*** Opening Supplied records ***

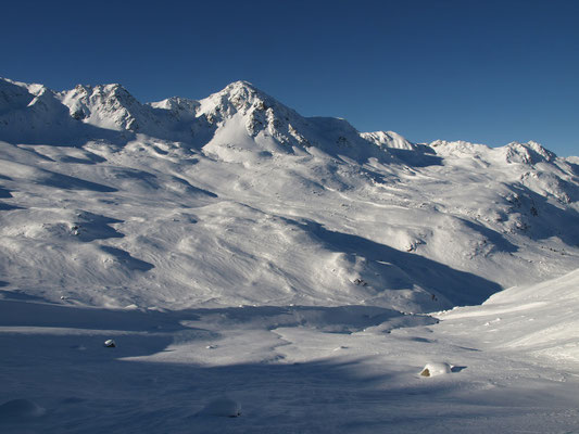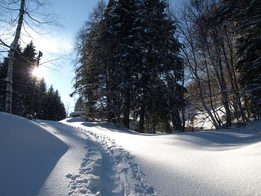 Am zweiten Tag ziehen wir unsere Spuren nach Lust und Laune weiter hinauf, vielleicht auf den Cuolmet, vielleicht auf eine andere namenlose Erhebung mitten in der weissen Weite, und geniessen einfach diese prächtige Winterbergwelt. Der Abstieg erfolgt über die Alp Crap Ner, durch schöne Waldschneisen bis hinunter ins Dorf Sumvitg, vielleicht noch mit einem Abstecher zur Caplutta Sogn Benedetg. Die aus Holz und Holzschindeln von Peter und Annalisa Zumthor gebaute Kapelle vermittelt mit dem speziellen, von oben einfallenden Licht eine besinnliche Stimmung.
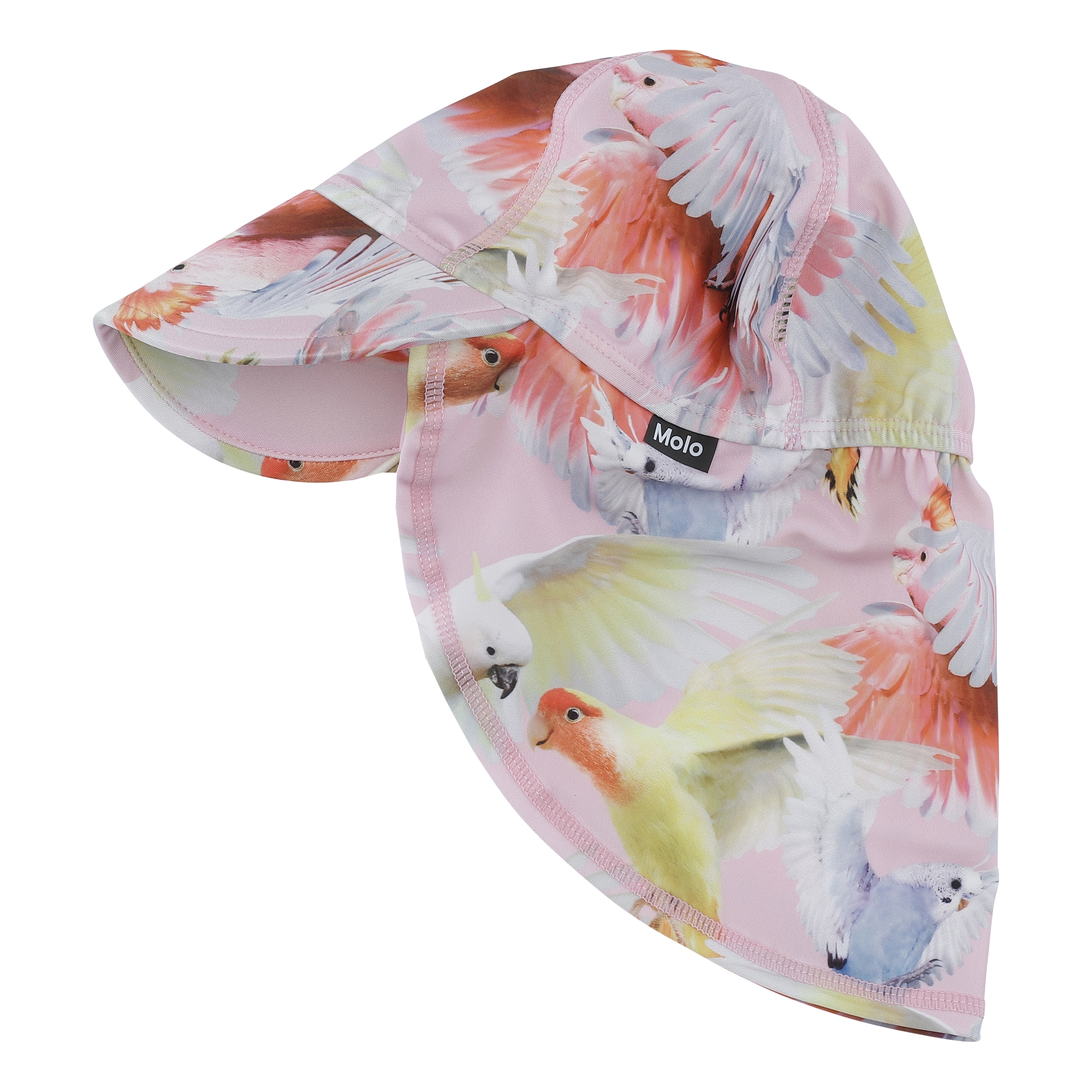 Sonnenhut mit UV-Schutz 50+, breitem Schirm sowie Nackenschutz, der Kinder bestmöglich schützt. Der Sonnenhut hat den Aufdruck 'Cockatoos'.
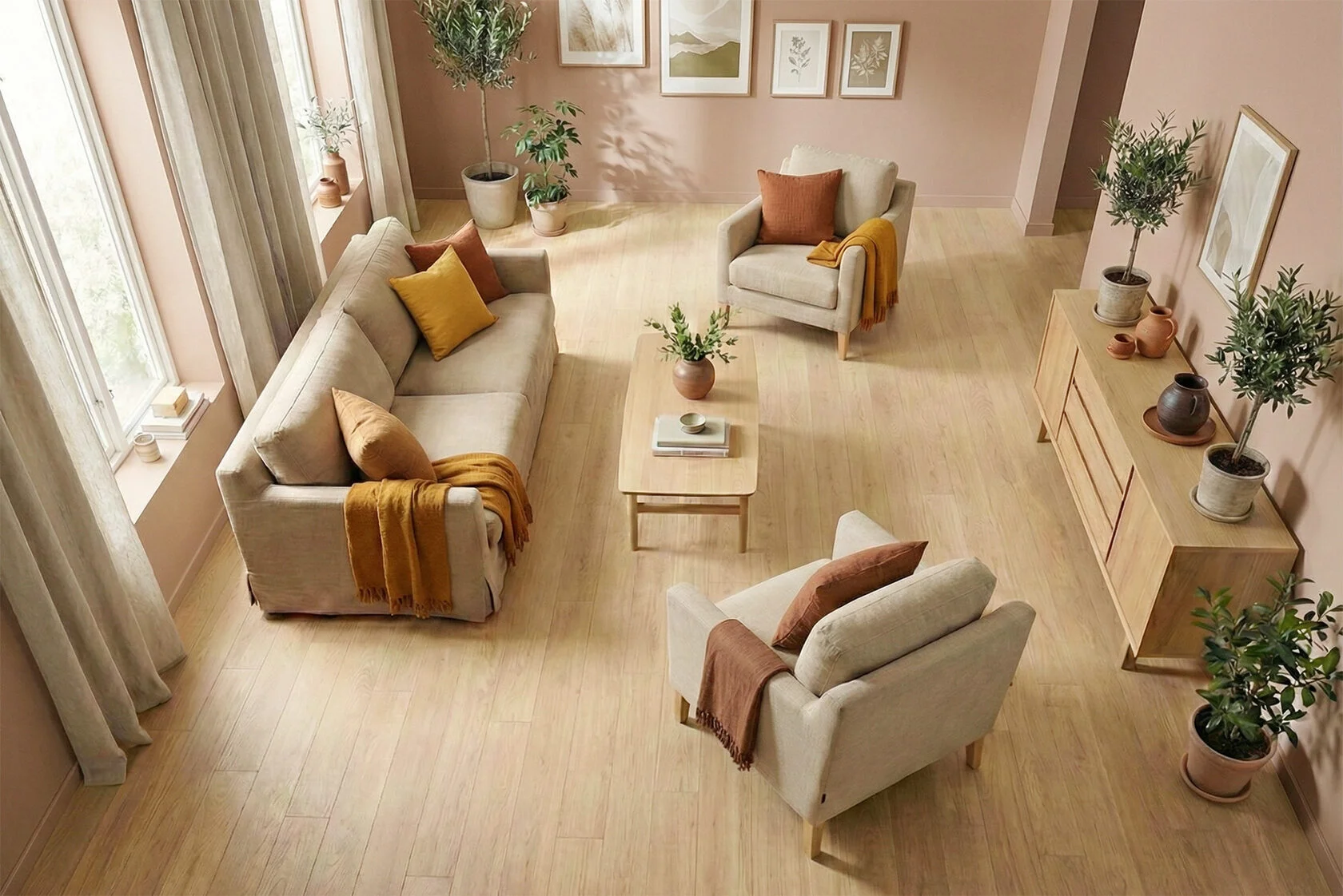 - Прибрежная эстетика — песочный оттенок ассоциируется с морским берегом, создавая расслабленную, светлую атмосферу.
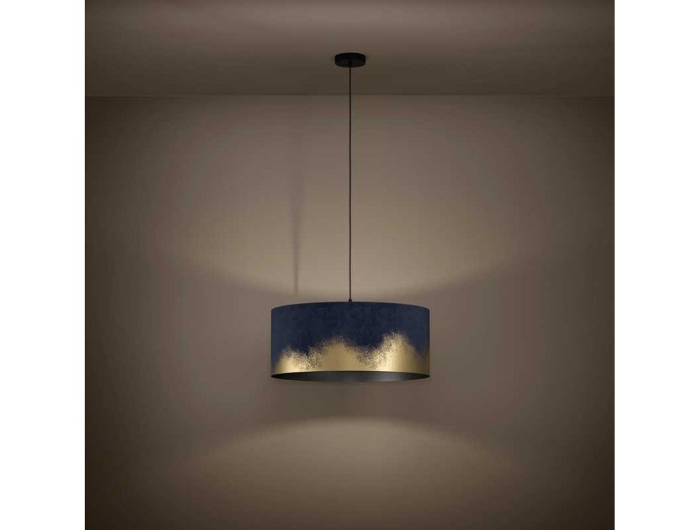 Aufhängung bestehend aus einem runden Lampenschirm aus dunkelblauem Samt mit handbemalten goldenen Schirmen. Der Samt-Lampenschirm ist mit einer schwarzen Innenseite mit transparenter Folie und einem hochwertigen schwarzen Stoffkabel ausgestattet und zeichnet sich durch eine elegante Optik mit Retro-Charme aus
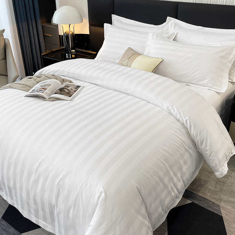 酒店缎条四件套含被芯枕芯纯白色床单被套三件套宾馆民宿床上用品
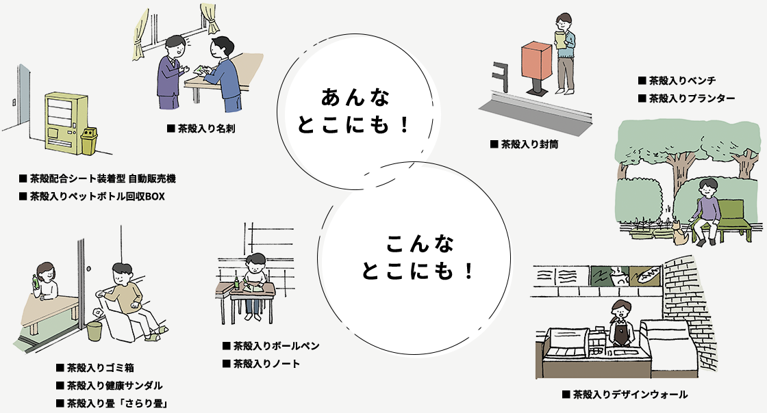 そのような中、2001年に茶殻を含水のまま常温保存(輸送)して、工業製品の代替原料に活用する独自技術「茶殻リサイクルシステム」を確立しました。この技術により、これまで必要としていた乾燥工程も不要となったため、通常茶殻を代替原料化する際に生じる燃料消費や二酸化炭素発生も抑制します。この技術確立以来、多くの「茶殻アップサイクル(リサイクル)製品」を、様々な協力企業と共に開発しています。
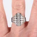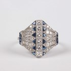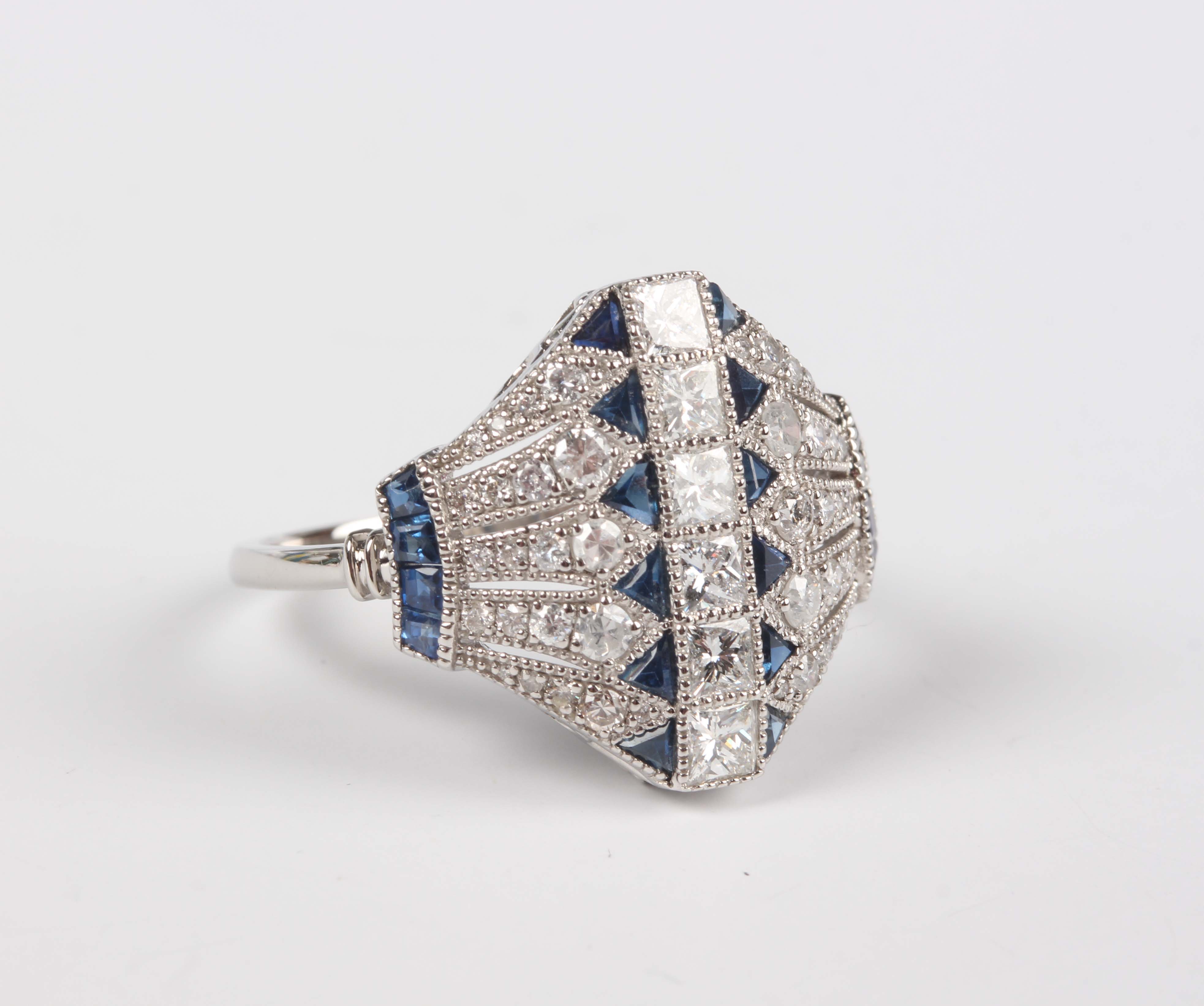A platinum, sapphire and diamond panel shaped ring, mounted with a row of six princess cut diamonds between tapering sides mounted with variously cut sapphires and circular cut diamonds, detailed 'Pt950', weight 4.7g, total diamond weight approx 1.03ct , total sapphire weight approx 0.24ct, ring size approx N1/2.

*** Closing Supplied records ***

| Required work |
All records above are to be printed exactly, minus the pictures they contain.

| Answer below |
 Am zweiten Tag ziehen wir unsere Spuren nach Lust und Laune weiter hinauf, vielleicht auf den Cuolmet, vielleicht auf eine andere namenlose Erhebung mitten in der weissen Weite, und geniessen einfach diese prächtige Winterbergwelt. Der Abstieg erfolgt über die Alp Crap Ner, durch schöne Waldschneisen bis hinunter ins Dorf Sumvitg, vielleicht noch mit einem Abstecher zur Caplutta Sogn Benedetg. Die aus Holz und Holzschindeln von Peter und Annalisa Zumthor gebaute Kapelle vermittelt mit dem speziellen, von oben einfallenden Licht eine besinnliche Stimmung.
 Sonnenhut mit UV-Schutz 50+, breitem Schirm sowie Nackenschutz, der Kinder bestmöglich schützt. Der Sonnenhut hat den Aufdruck 'Cockatoos'.
 - Прибрежная эстетика — песочный оттенок ассоциируется с морским берегом, создавая расслабленную, светлую атмосферу.
 Aufhängung bestehend aus einem runden Lampenschirm aus dunkelblauem Samt mit handbemalten goldenen Schirmen. Der Samt-Lampenschirm ist mit einer schwarzen Innenseite mit transparenter Folie und einem hochwertigen schwarzen Stoffkabel ausgestattet und zeichnet sich durch eine elegante Optik mit Retro-Charme aus
 酒店缎条四件套含被芯枕芯纯白色床单被套三件套宾馆民宿床上用品
 そのような中、2001年に茶殻を含水のまま常温保存(輸送)して、工業製品の代替原料に活用する独自技術「茶殻リサイクルシステム」を確立しました。この技術により、これまで必要としていた乾燥工程も不要となったため、通常茶殻を代替原料化する際に生じる燃料消費や二酸化炭素発生も抑制します。この技術確立以来、多くの「茶殻アップサイクル(リサイクル)製品」を、様々な協力企業と共に開発しています。
A platinum, sapphire and diamond panel shaped ring, mounted with a row of six princess cut diamonds between tapering sides mounted with variously cut sapphires and circular cut diamonds, detailed 'Pt950', weight 4.7g, total diamond weight approx 1.03ct , total sapphire weight approx 0.24ct, ring size approx N1/2.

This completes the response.